66. Research: Databases and Data Linkage
Recommendation 66–1 The Privacy Commissioner should address the following matters in the Research Rules:
(a) in what circumstances and under what conditions it is appropriate to collect, use or disclose personal information without consent for inclusion in a database or register for research purposes; and
(b) the fact that, where a database or register is established on the basis of Human Research Ethics Committee approval, that approval does not extend to future unspecified uses.
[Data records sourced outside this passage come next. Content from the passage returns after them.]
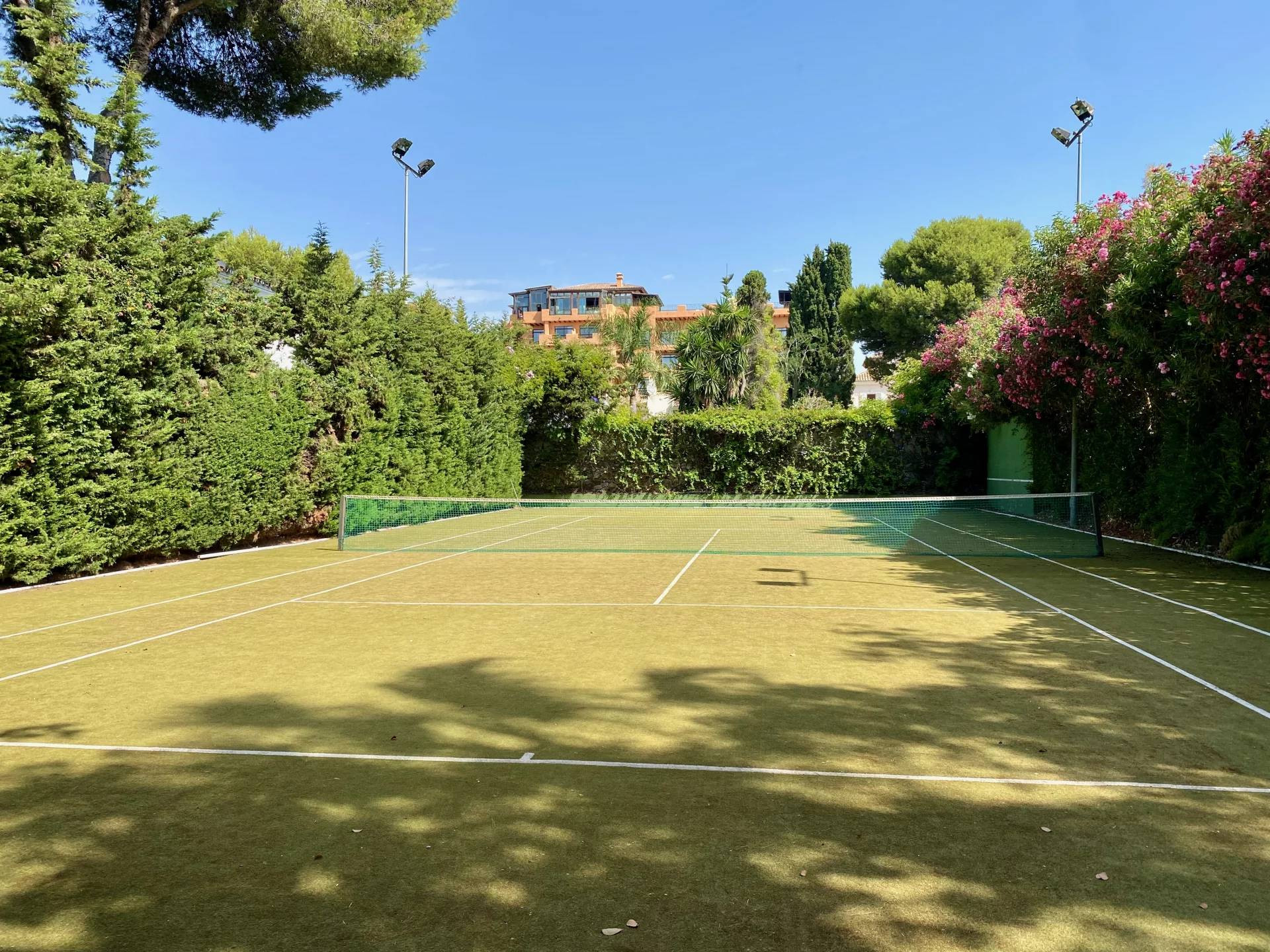 Es gibt auch einen ganzjährig künstlichen Gras Tennisplatz mit automatischem Bewässerungssystem und reichlich Beleuchtung.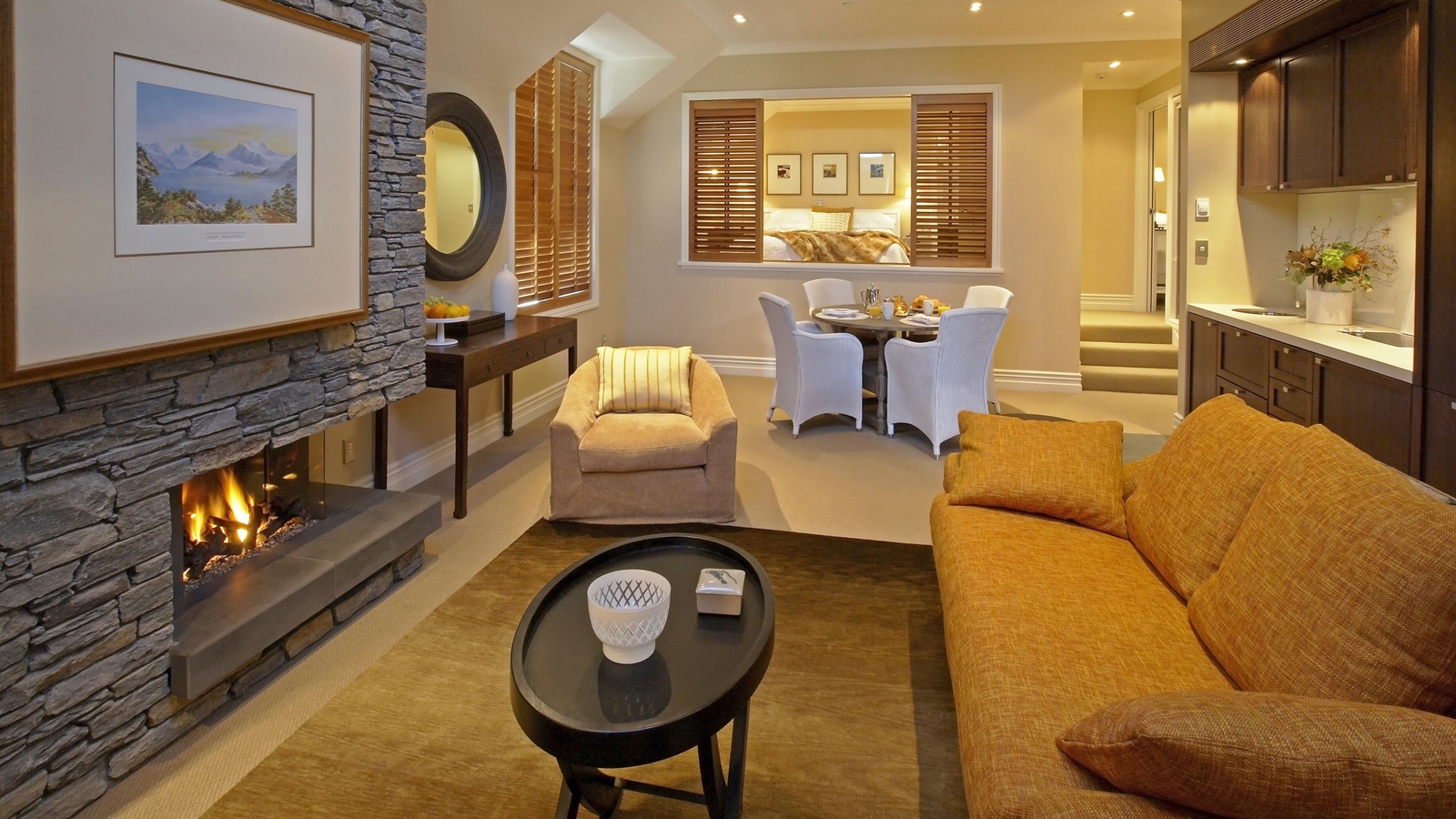 From the Homestead, relax, absorb the breathtaking views of Lake Wanaka and the surrounding mountains while being looked after by the attentive team. Inside, find two of the suites and a rustic design combining locally sourced materials and modern features with plenty of spaces to unwind including a sprawling farmhouse kitchen, large open living room, dining room and library. Outside find the two cottage suites nestled privately amongst native beech forest, swimming pool, spots for some alfresco dining as well as the impressive stables.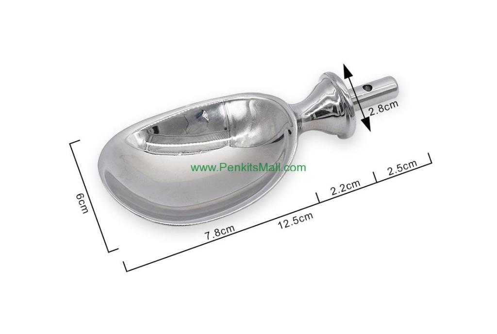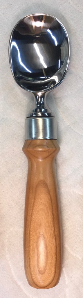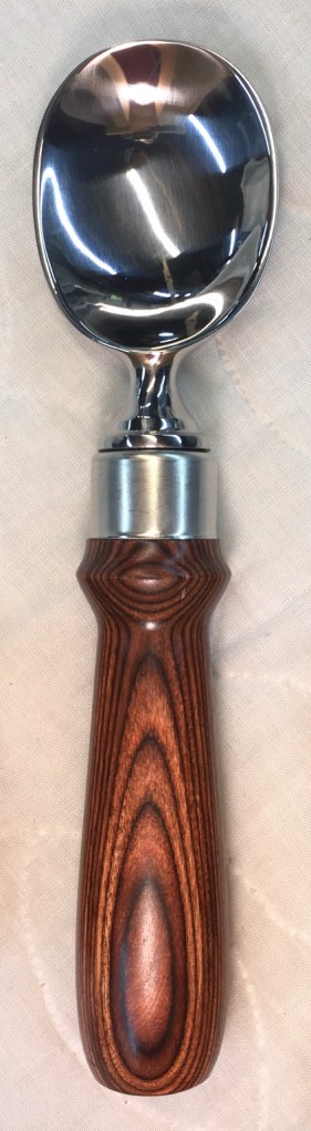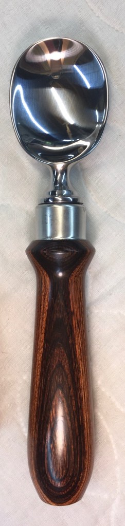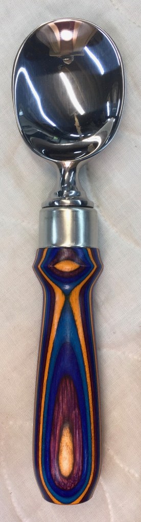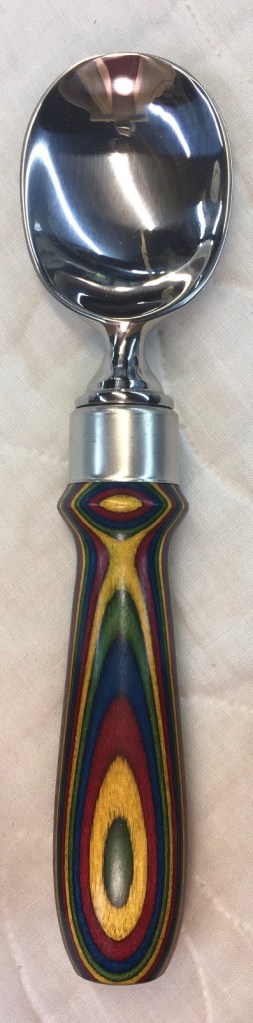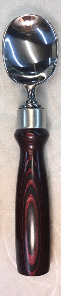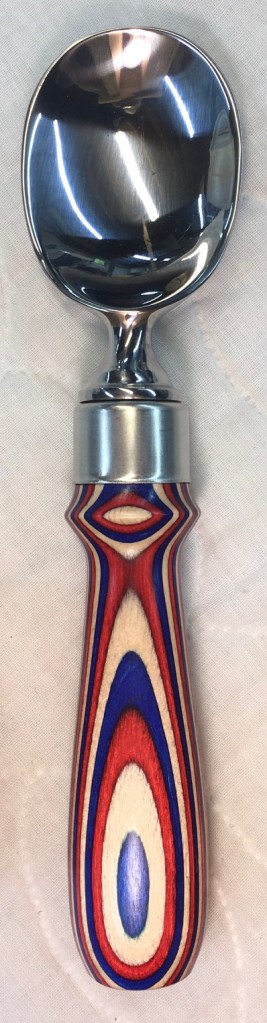 These scoops have a large stainless steel paddle head and ferrule (see dimensions below). The handles are made from dyed plywood, natural woods, and polymer-impregnated woods.

Any future proposed use of the database or register for research would require separate review by a Human Research Ethics Committee.
Recommendation 66–2 Agencies or organisations developing systems or infrastructure to allow the linkage of personal information for research purposes should conduct a Privacy Impact Assessment to ensure that the privacy risks involved are assessed and adequately managed in the design and implementation of the project.
Recommendation 66–3 The Research Rules, to be issued by the Privacy Commissioner, should address the circumstances in which, and the conditions under which, it is appropriate to collect, use or disclose personal information without consent in order to identify potential participants in research.